[Records drawn from a dataset]
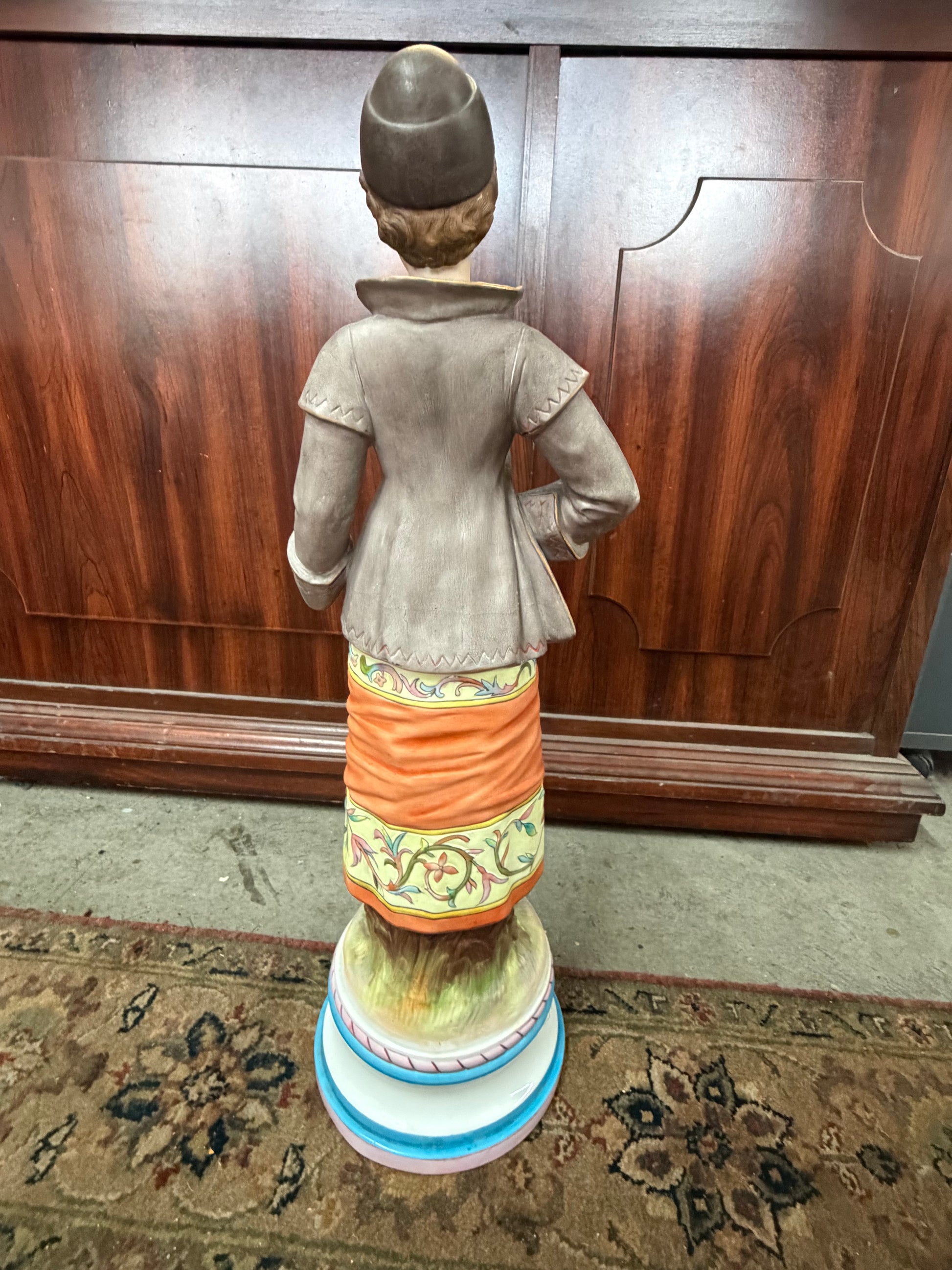 Delicate vintage porcelain figurine featuring a gracefully posed woman in an elegant dress. Finely detailed with soft colors, this decorative piece adds classic charm to shelves, mantels, or curio cabinets. A timeless accent perfect for collectors of porcelain art or traditional décor. About 18-20" tall.
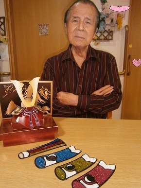 兜をかぶったり、可愛い鯉のぼりを写真撮影。「兜?あはは、子供の日か!」「あら、これ兜なの?すごいわね~」「なつかしいねぇ~」「可愛い鯉のぼりね」等、紙で作った兜に驚かれたり、可愛い鯉のぼりを見ながら笑顔ですごされました。
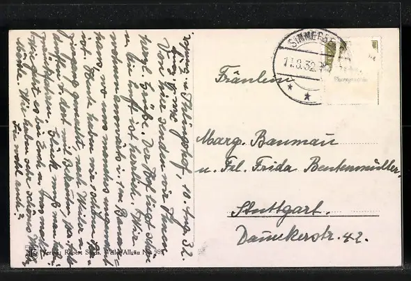 gelaufen 1932, Briefmarke entfernt, rückseitig Klebe- und Papierreste, guter Zustand
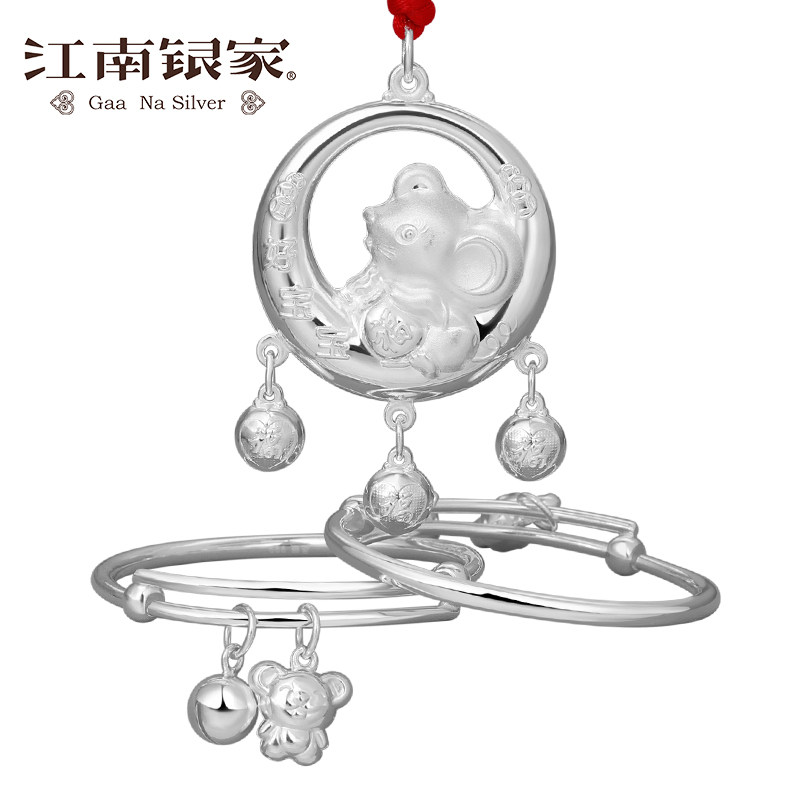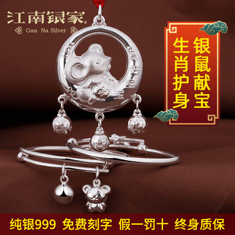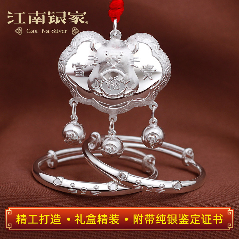 Rat baby silver bracelet baby longevity lock pig 999 sterling silver bracelet male and female silver lock child full moon silver jewelry
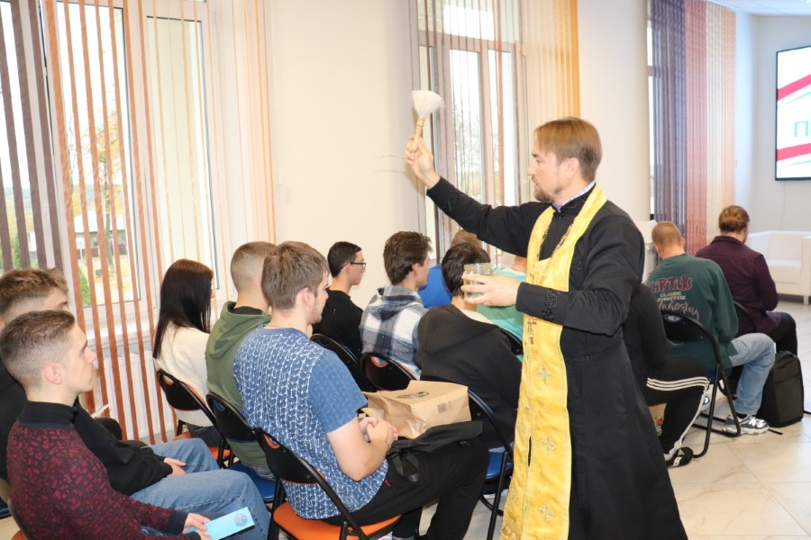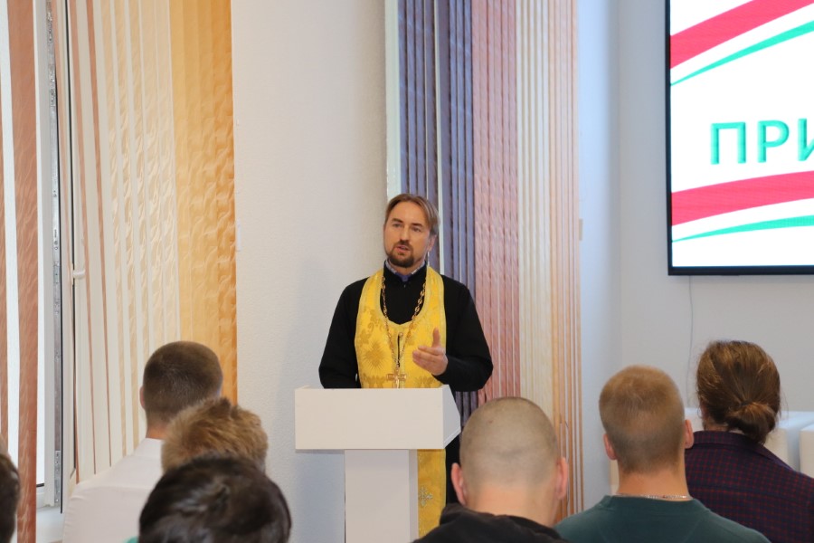 В завершении мероприятия взял слово настоятель Преображенского храма иерей Василий Васильков. Отец Василий вспомнил о старинной традиции благословлять защитников Отечества, раздал каждому памятки с псалмом 90 из Библии и окропил святой водой.
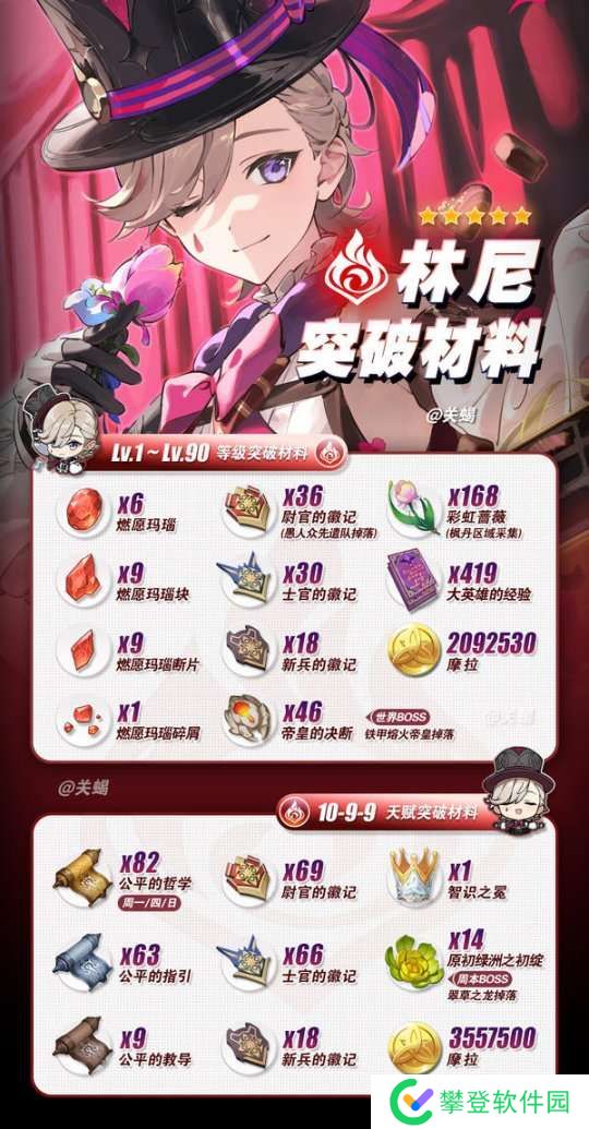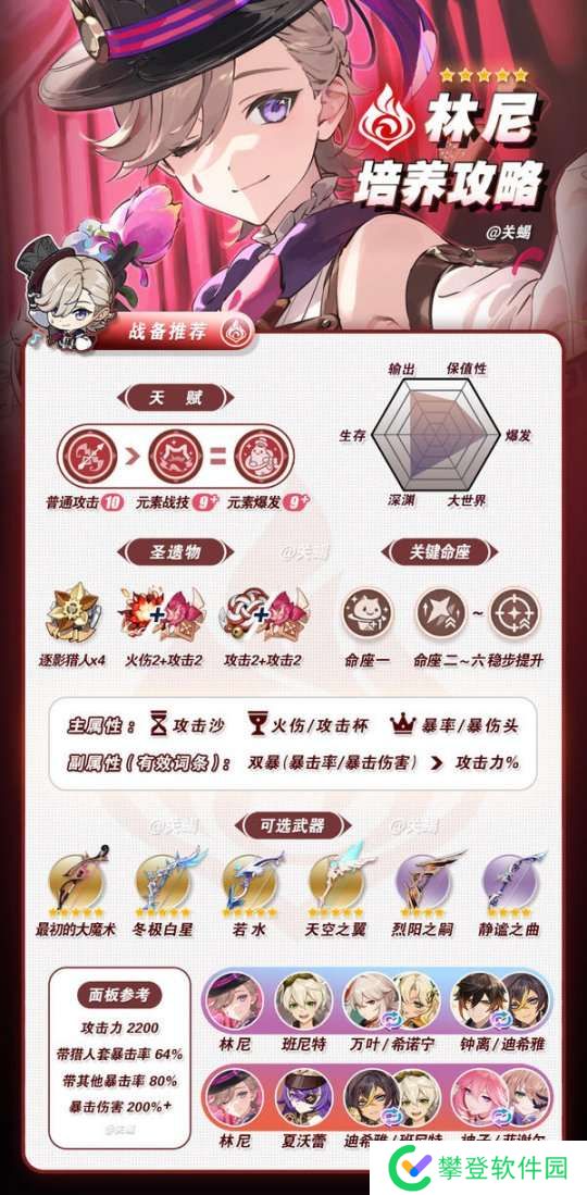 魔术师林尼是一位五星火系弓箭角色,其始基力为芒性,定位为驻场主C。林尼的主要输出方式是依靠二段重击蓄力箭叠层「隐具余数」,并施放技能引爆层数造成伤害。此外,林尼的元素战技自带扣血机制,也依赖蓄力重击。因此,推荐搭配具备治疗能力、护盾和抗打断能力的队友作为首选。如果队伍中有多名火元素角色,可以触发林尼固有天赋的效果,获得伤害加成。
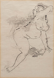 tusz lawowany, papier, 40,5 x 28 cm w św. passe-partout
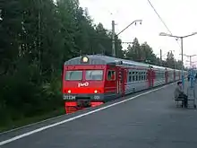 Прибытие электропоезда на Сосново к платформе

- PROBLEM:
Reproduce each line of the records exactly and exclude any images.

- RESULT FOR THIS TASK:
 Delicate vintage porcelain figurine featuring a gracefully posed woman in an elegant dress. Finely detailed with soft colors, this decorative piece adds classic charm to shelves, mantels, or curio cabinets. A timeless accent perfect for collectors of porcelain art or traditional décor. About 18-20" tall.
 兜をかぶったり、可愛い鯉のぼりを写真撮影。「兜?あはは、子供の日か!」「あら、これ兜なの?すごいわね~」「なつかしいねぇ~」「可愛い鯉のぼりね」等、紙で作った兜に驚かれたり、可愛い鯉のぼりを見ながら笑顔ですごされました。
 gelaufen 1932, Briefmarke entfernt, rückseitig Klebe- und Papierreste, guter Zustand
 Rat baby silver bracelet baby longevity lock pig 999 sterling silver bracelet male and female silver lock child full moon silver jewelry
 В завершении мероприятия взял слово настоятель Преображенского храма иерей Василий Васильков. Отец Василий вспомнил о старинной традиции благословлять защитников Отечества, раздал каждому памятки с псалмом 90 из Библии и окропил святой водой.
 魔术师林尼是一位五星火系弓箭角色,其始基力为芒性,定位为驻场主C。林尼的主要输出方式是依靠二段重击蓄力箭叠层「隐具余数」,并施放技能引爆层数造成伤害。此外,林尼的元素战技自带扣血机制,也依赖蓄力重击。因此,推荐搭配具备治疗能力、护盾和抗打断能力的队友作为首选。如果队伍中有多名火元素角色,可以触发林尼固有天赋的效果,获得伤害加成。
 tusz lawowany, papier, 40,5 x 28 cm w św. passe-partout
 Прибытие электропоезда на Сосново к платформе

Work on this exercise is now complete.